* ASSIGNED TASK *
Reproduce the listing below exactly, except for its pictures.

Start of SUPPLIED MATERIAL

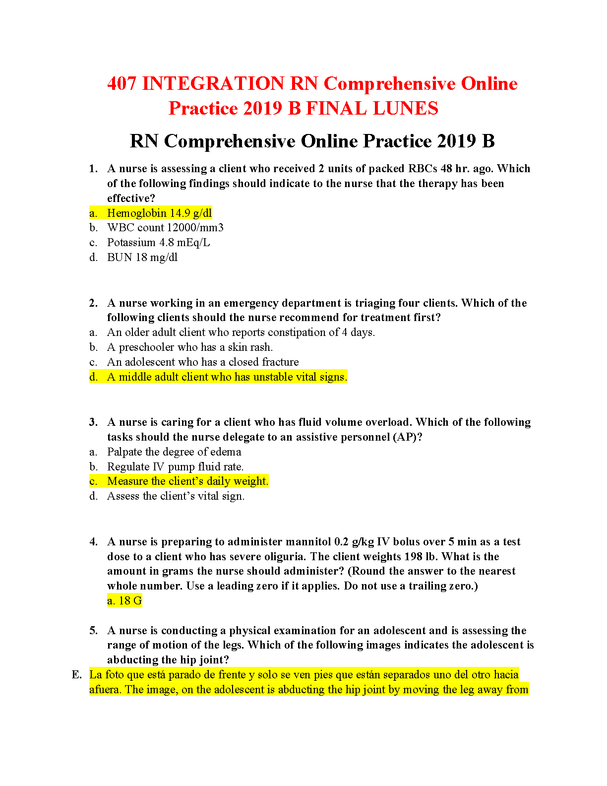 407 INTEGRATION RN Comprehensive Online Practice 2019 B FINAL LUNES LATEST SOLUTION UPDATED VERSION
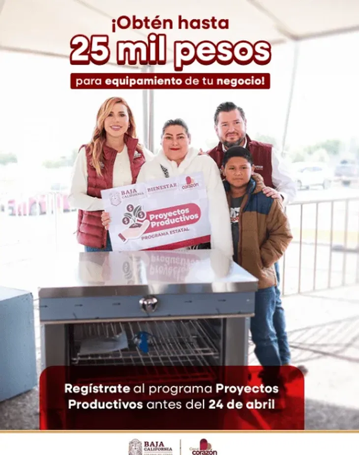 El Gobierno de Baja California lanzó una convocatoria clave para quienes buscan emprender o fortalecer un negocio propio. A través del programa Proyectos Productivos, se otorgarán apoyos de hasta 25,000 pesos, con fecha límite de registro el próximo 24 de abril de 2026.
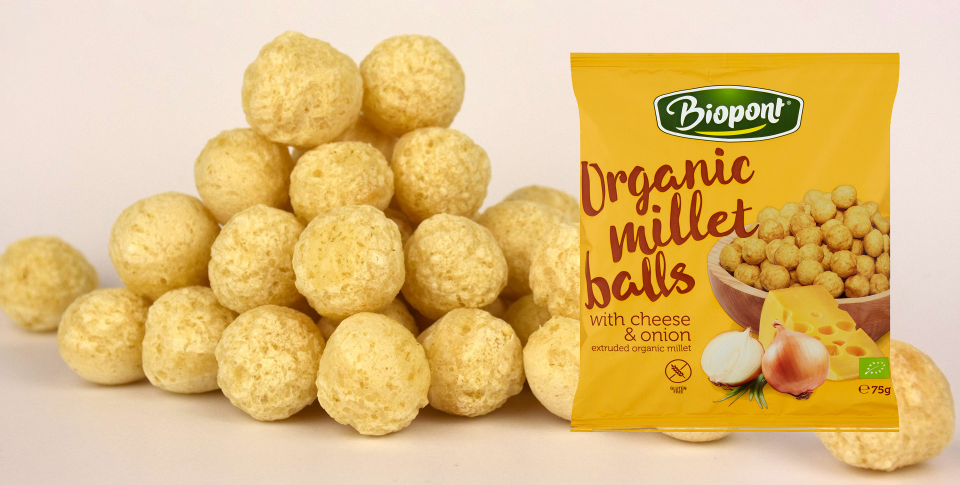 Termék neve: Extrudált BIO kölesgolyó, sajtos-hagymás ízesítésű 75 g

End of SUPPLIED MATERIAL

* SOLUTION TO THIS TASK *
 407 INTEGRATION RN Comprehensive Online Practice 2019 B FINAL LUNES LATEST SOLUTION UPDATED VERSION
 El Gobierno de Baja California lanzó una convocatoria clave para quienes buscan emprender o fortalecer un negocio propio. A través del programa Proyectos Productivos, se otorgarán apoyos de hasta 25,000 pesos, con fecha límite de registro el próximo 24 de abril de 2026.
 Termék neve: Extrudált BIO kölesgolyó, sajtos-hagymás ízesítésű 75 g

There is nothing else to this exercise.